In Part 1 we discussed the ‘soft skills’ behind financial success to teach your kids. In Part 2 we went over some tactical tips including building their credit score and saving for education.

facade of historic stone building with ornamental wooden door
Welcome to the adult world of money!

Opening a bank account for your minor child

In the US, a person must be an adult (18+) to have a bank account in only their name. However, minor children can often have their parent or guardian open a joint account with them. (Check with your state, as this apparently depends on state regulations as well as what individual banks or credit unions offer.) Opening a bank account with your child’s name on it is a great way to introduce your child to the concept of saving, interest, and later, investing. Plus, I think it helps make them feel like a responsible adult to be able to, say, walk into a bank and deposit a check from Grandma, write a check to pay for something. When they’re high school-aged teens they can move on to direct depositing their part-time job earnings and using a debit or ATM card responsibly.

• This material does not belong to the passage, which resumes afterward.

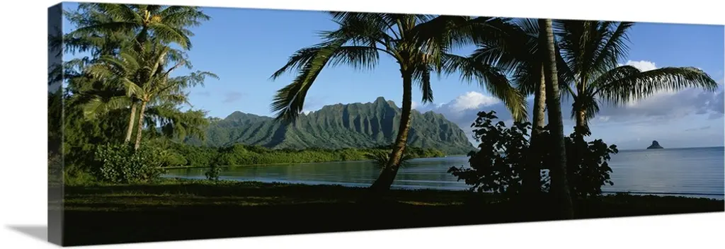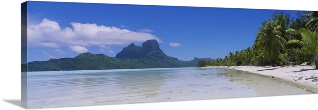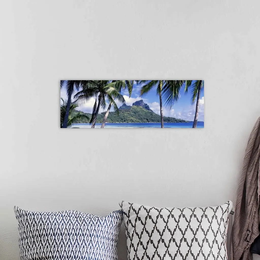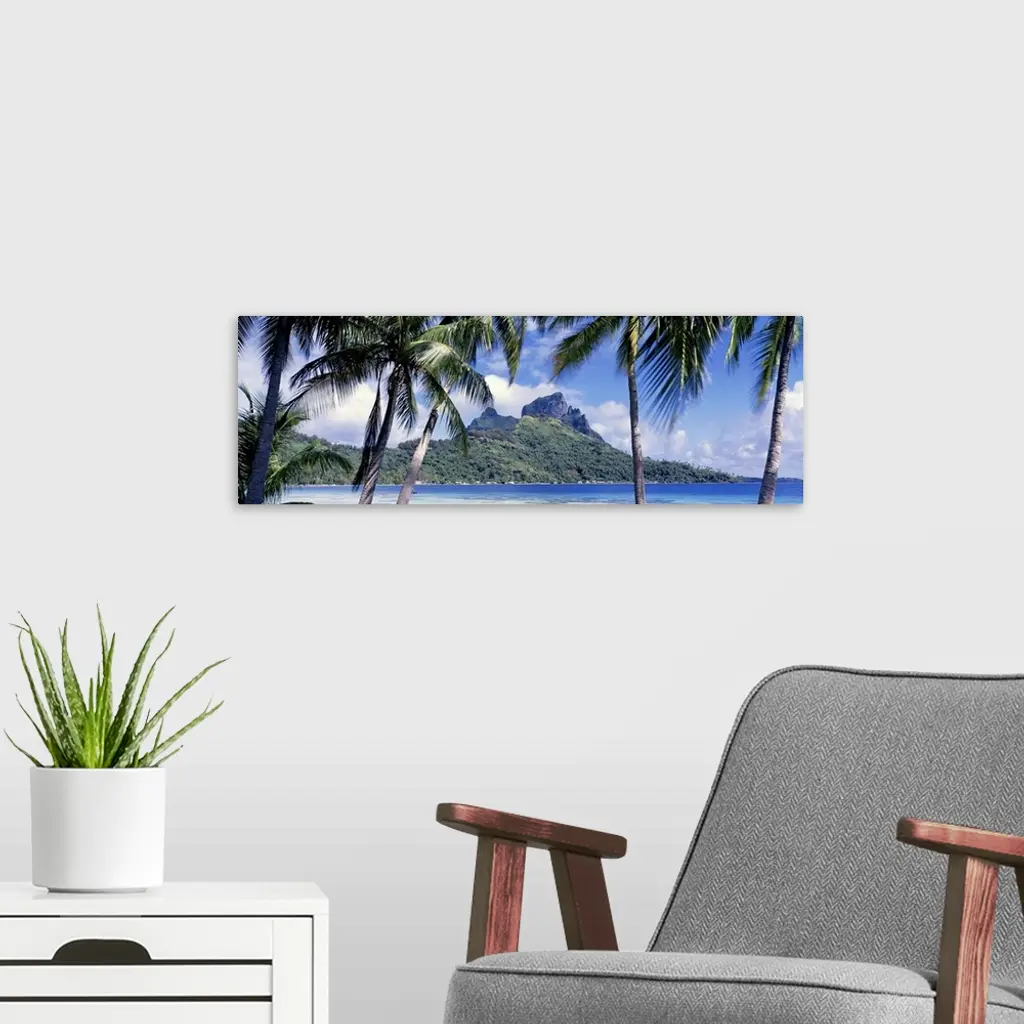 Oversized, landscape photograph of palm trees swaying over the island of Bora Bora, in the distance, past blue waters is a large mountain on Tahiti, in Polynesia.
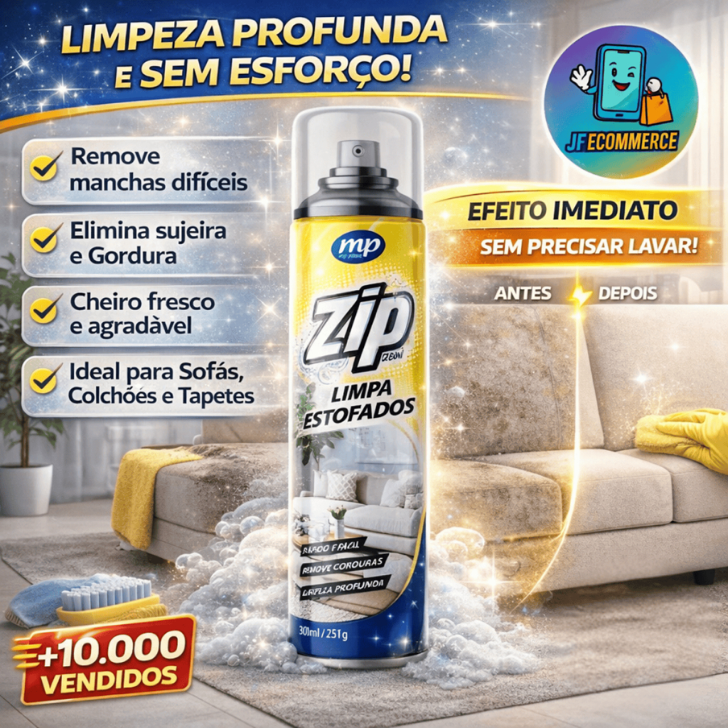 Receba Limpa Estofados Espuma Mágica Limpa a Seco Zip Clean Spray 300ml - Limpeza Poderosa Tira Manchas no seu celular!

So, what bank account to choose? Many banks offer accounts tailored for children and their parents. The first major decision you should make is whether you want them to open a bank that has physical branches or an online-only bank like the ones I recommend.

Physical banks for young kids

Maybe I’m old-fashioned, but even though I try never to set foot in a physical bank if I can help it, I think there’s value in teaching your children to use the expensive relic that is traditional banking. If nothing else, being comfortable in adult institutions is both fun and an important part of growing up. So, if your child is pre-high school, I recommend opening an account at a good physical bank with a local branch near you.

If you use a physical bank (still? :)), then check there first if you like them since it’ll be most convenient for you for your kid to bank where you do. Washington residents should try BECU for kids. (I hate their web technology, but they–like most credit unions– have good incentives and low fees and friendly service.) Credit unions in general are a fine choice if you need an in-person bank for no-fee, moral banking for kids and adults alike.

Nationally, Chase seems to be a more honorable Big Bank than the incompetent Bank of America and the outright-fraudulent Wells Fargo. You can open a Chase kid’s savings account when they’re 6 – 17, or a teen co-owned account when they’re 13 – 17.

Online banks for working/spending teenagers

Once your child is old enough to have more responsibility over their own spending, and especially once they’re earning their own money, you should move them along to the best kind of bank they can have, which means an all-online one with low fees, high automation, and a good interest rate on savings.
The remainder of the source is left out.